Светлый фон

Так «Баязид» становится самой безысходной расиновской трагедией. В «Андромахе» свет брезжил из великого, героического и идеального прошлого. В «Британике» был возможен прорыв вширь, прочь от проклятых дворцовых стен. Герои «Береники» внутри себя, в самом средоточии своей душевной жизни находили силы, чтобы очиститься и преобразиться ценой самоопределения. Но в сладкую духоту султанского сераля живительная влага благодати не и потому в «Баязиде» от природной скверны спасения нет нигде и ни для кого. Если «Береника» дальше всех пьес Расина отстояла от янсенистского сурового взгляда на человеческую природу, на исход всех попыток борьбы с ней собственными, человеческими силами, то «Баязид» едва ли не самым прямым и беспощадным образом янсенистские воззрения воплощал и подтверждал.

Странно только, что Расин вновь обращается к ним именно теперь, когда он на вершине мирского успеха, признания и славы. Но у внутренней жизни человека свои законы, свои пути, не всегда совпадающие со внешними обстоятельствами его судьбы. Без сомнения, мудрость пор-рояльских наставников в душу Расина была впечатана глубоко и дремала там до поры до времени. Можно только гадать, какой толчок вернул Расина к настроениям ранней юности. Но что поворот этот произошел (пусть пока на краткий миг), «Баязид» свидетельствует со всей определенностью.

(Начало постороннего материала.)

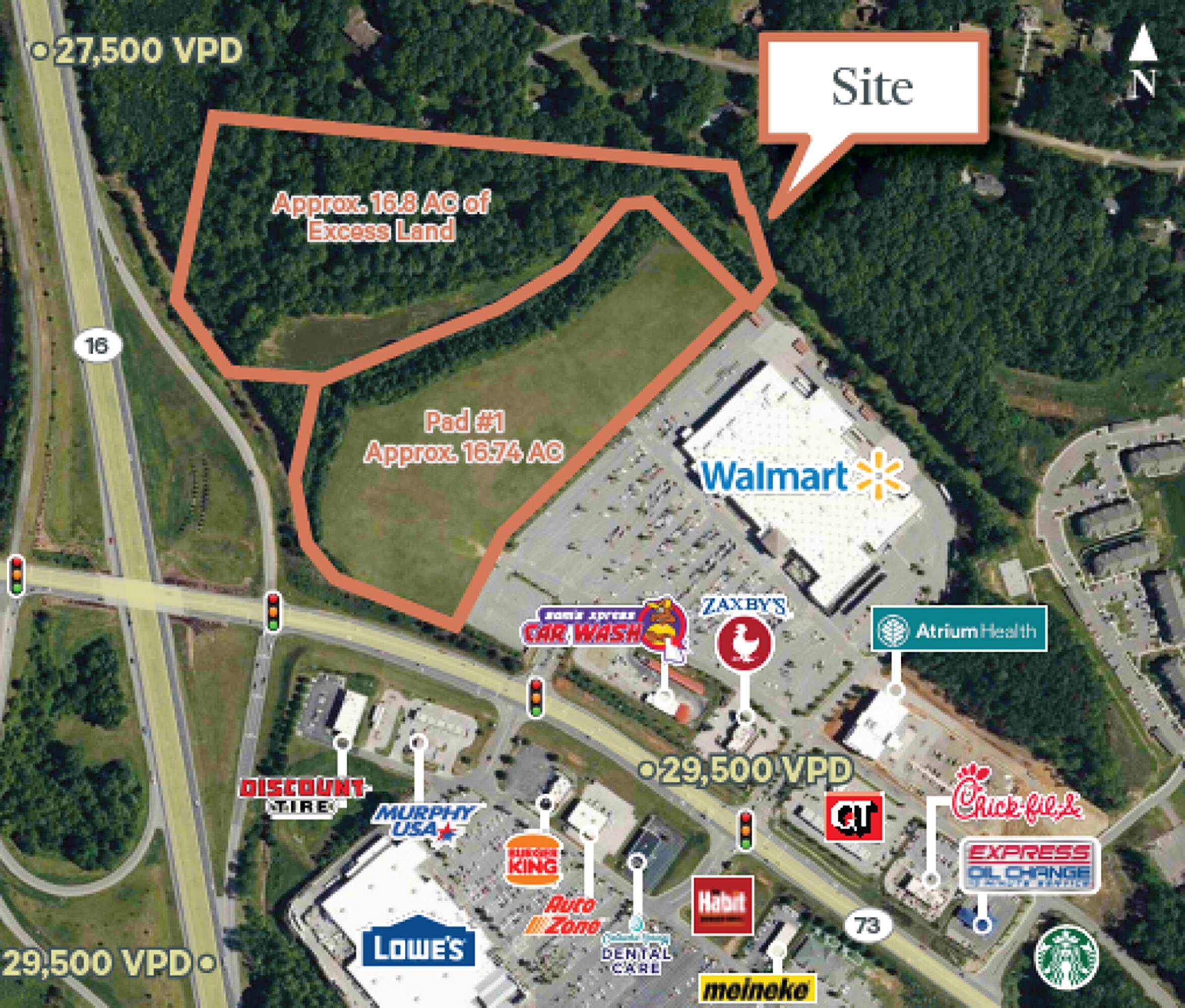 Approximately 16.74 acres of commercial land for sale.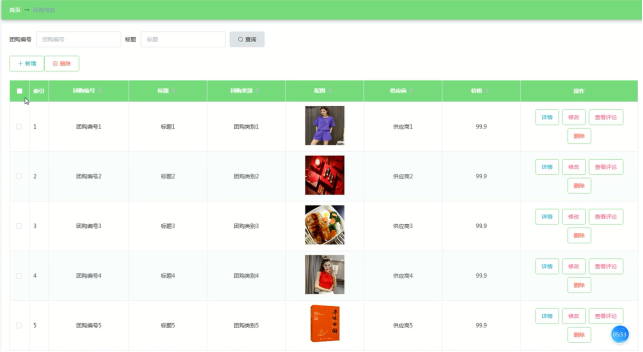 管理员可添加、修改和删除团购信息,团购信息管理界面展示如图5-11所示 。
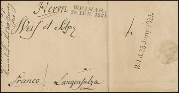 "Weimar", 1821, vs. L2, rückseitig sehr seltener Briefsammlungs-L1 der Brieflade, "Brl. d. 25. Juny 1821", auf Faltbrief aus dem Weimarer Landbezirk nach Langensalza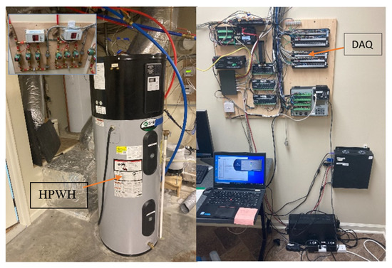 Tested heat pump water heater (HPWH, (left image)) unit and experimental setup with data acquisition (DAQ) system (right image) installed in research and demonstration house used in this study.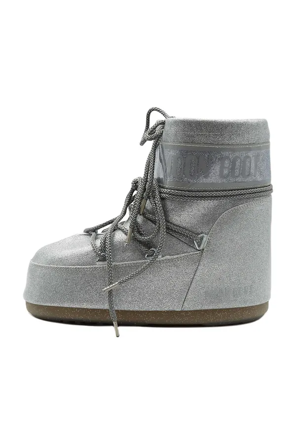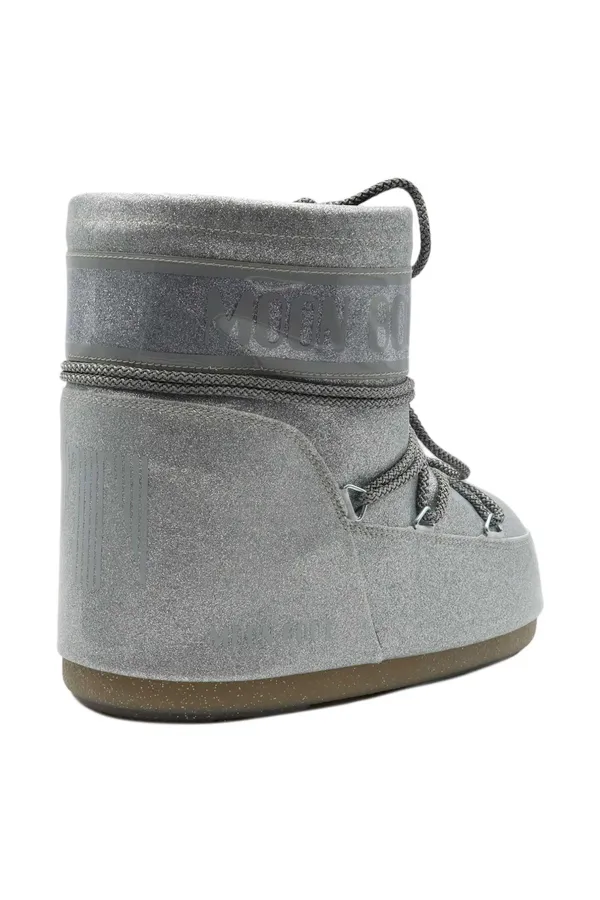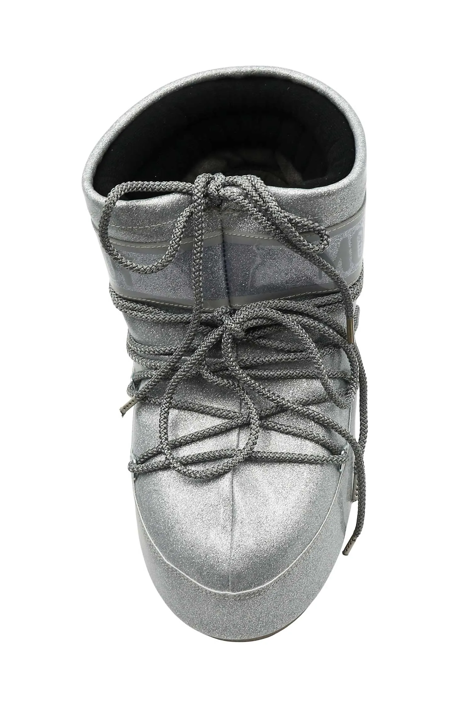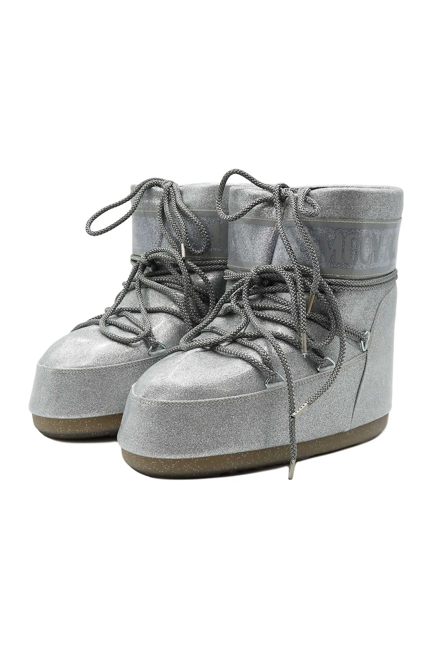 МУНБУТЫ ICON LOW GLITTER СЕРЕБРИСТЫЙ МЕТАЛЛИК, НИЗКИЕ, ШНУРОВКА, ЛОГО-НАДПИСЬ

Встречен был «Баязид» рукоплесканиями столь громкими, что можно было не заботиться о том, единодушны ли они. Конечно, хулители находятся, а похвалы иной раз имеют кисло-сладкий привкус. «Корнелисты» остаются верны идеалам своей молодости и своему кумиру при всех условиях, вопреки очевидности и даже собственному чутью; так, впрочем, и бывают по большей части с идеалами и кумирами юности. Маркиза де Севинье, еще не видев пьесы, заранее предубеждена против нее; посмотрев же, сначала не может скрыть, что впечатление было сильное, но вскоре берет себя в руки, все достоинства спектакля приписывает игре Шанмеле (кого играла Шанмеле, Роксану или Аталиду, доподлинно неизвестно – своего Лагранжа у Бургундского отеля не было; известно только, что автор и актриса долго колебались в выборе), и окончательное ее суждение, которое она сообщает дочери с очередной почтой, таково: «Я хотела бы послать вам Шанмеле, чтобы подогреть немного ваши впечатления от пьесы. Баязид – персонаж совершенно ледяной; нравы турков дурно схвачены, эти люди не придают такого значения женитьбе; развязка совсем не подготовлена – нельзя понять причин такой ужасной бойни.

При всем том, в пьесе есть места приятные, но ничего подлинно прекрасного, ничего возвышающего, ничего похожего на те тирады Корнеля, которые бросают нас в трепет. Дочь моя, остережемся сравнивать с ним Расина, будем всегда чувствовать разницу; в сочинениях этого последнего есть места слабые и вялые, и дальше "Андромахи" он никогда не пойдет; "Баязид" много ниже, по мнению многих – и по моему тоже, если позволительно ссылаться на саму себя. Расин пишет свои пьесы для Шанмеле, а не для грядущих веков. Утрать он молодость, остынь его страсть – и его будет не узнать. Итак, да здравствует наш старый друг Корнель! Простим ему неудачные строки ради тех божественных, возвышенных красот, которые так нас восхищают: в них сказывается мастер, и они неподражаемы. Депрео в своем приговоре еще суровей, чем я; одним словом, это хороший вкус; придерживайтесь его».